D1 00000100 00000111 00001000 00010010 <-- AND.L D0, D1

Note that this is equivalent to the “&” operation in C. The “&&” operation in C operates on TRUE and FALSE values (non-zero and zero respectively in most C dialects – some define <= 0 as false).

These operations are called bitwise because they treat their operands as a collection of bits that are operated upon individually.

Note on word and byte bitwise calculations: We can operate on longwords, words or just bytes. When operating using words, the upper two bytes of the destination register are left untouched. Similarly, when operating on bytes, the upper three bytes of the destination register are left unchanged.

For the AND instruction one of the two operands must be a D register.

AND with Immediate: There is a variation where the source operand can be an immediate. This is the ANDI instruction. For example we can use AND.L #$0000ffff, D0 to set the upper two bytes of D0.

AND operations are useful among other things for masking out bits out of long values. For example, say we are interested in whether an integer is even. In this case, the lower bit of the integer must be 0. Accordingly we can use the following sequence:

ANDI.L #1, D0

BEQ ISEVEN

By “masking out” we mean isolating the value of a bit or a collection of bits.

AND can also be used to set specific bits to 0. For example, let’s say that we want to make bit 3 of D0 zero. Here’s how:

ANDI.B #%11110111, D0

Note that all but the bit we are interested in are set to 1 in the immediate.

Also note that ANDI.L #%111, D0 is equivalent to (D0 MOD 8). Similarly, ANDI.L #%1111 1111 1111 1111 1111 1111 1111 1000, D0 is equivalent to (D0/8)*8 in integer arithmetic.

What we have done is use a constant that had a 1 only at the bit position that we were interested in. By doing a logical AND with this constant we essentially zeroed out all bits except the last one. As a result, the outcome of the AND operation would be zero if the least significant bit was zero otherwise it will be non-zero.

Such operations are very handy when accessing data that uses long datatypes to encapsulate a collection of different information pieces. This we have seen when we discussed I/O devices.

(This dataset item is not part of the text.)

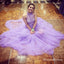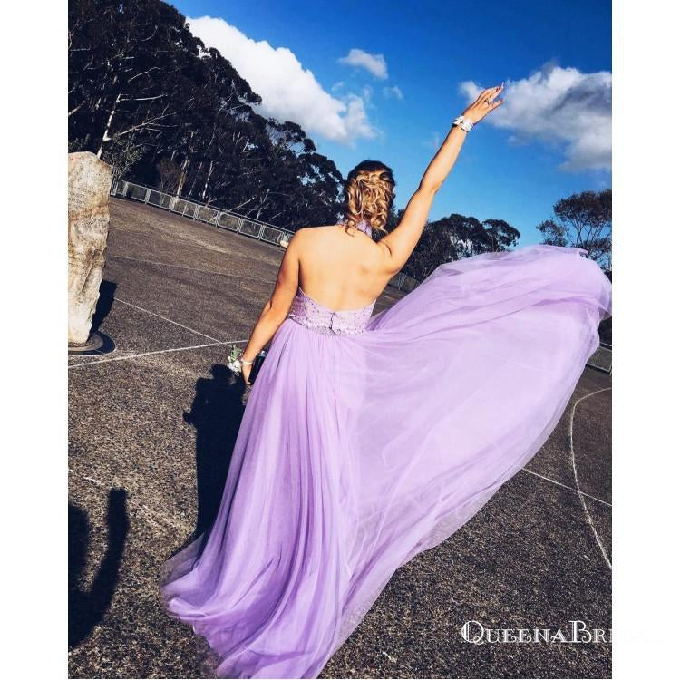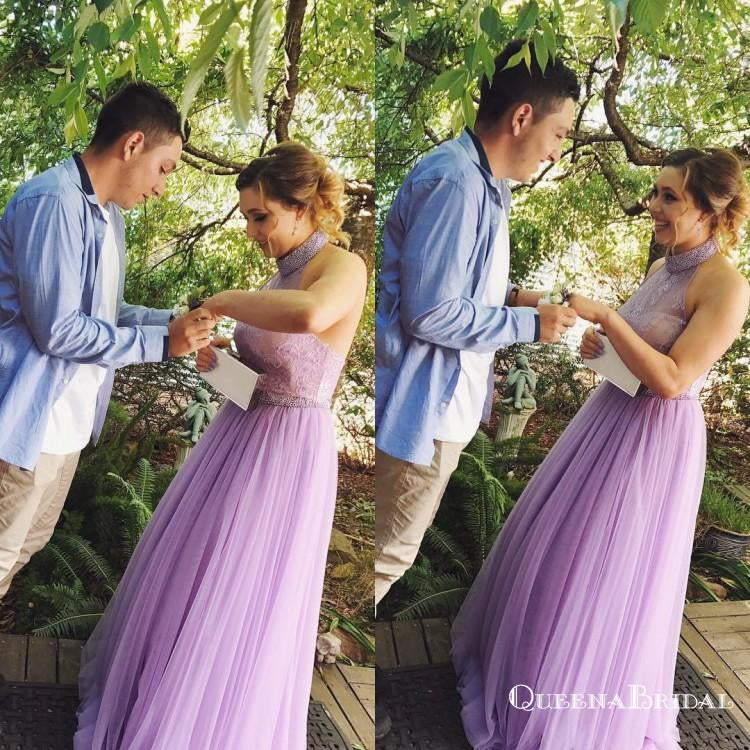 Lavender Halter Long Cheap Tulle Prom Dresses With Lace and Beaded, QB0546

Other bitwise logical operations are:

EOR and EORI = exclusive OR (XOR), result is 1 if the two input bits have different values. In C xor is “^”.

e.g., EOR (A0), D0 à [d0] = [d0] XOR MEM[[A0]]

OR and ORI = OR. In C or is “|”.

e.g., OR D1, D0 à [d0] = [d0] OR [d1]

NOT: This in C is the “~” operation.

e.g., NOT D0 à [d0] = reverse of [d0] (i.e., 1s changed to 0s and vice versa).

The following table summarizes these instructions:

Where EOR is the Exclusive OR, or also called XOR. So 0 EOR 0 = 0, 0 EOR 1 = 0, 1 EOR 0 = 1, and 1 EOR 1 = 0.

As a side note, here’s a quick way to swap the values of two registers:

eor.l d1, d0

eor.l d0, d1

eor.l d1, d0

If you have not seen this before try to figure out how it works? Try a couple of examples, then try to express the outcome of each instruction as a function of the original values of d0 and d1 and XOR. Keep in mind that A XOR A = 0, A XOR 0 = A and A XOR 1…1 = not(A). Some machines provide a swap instruction.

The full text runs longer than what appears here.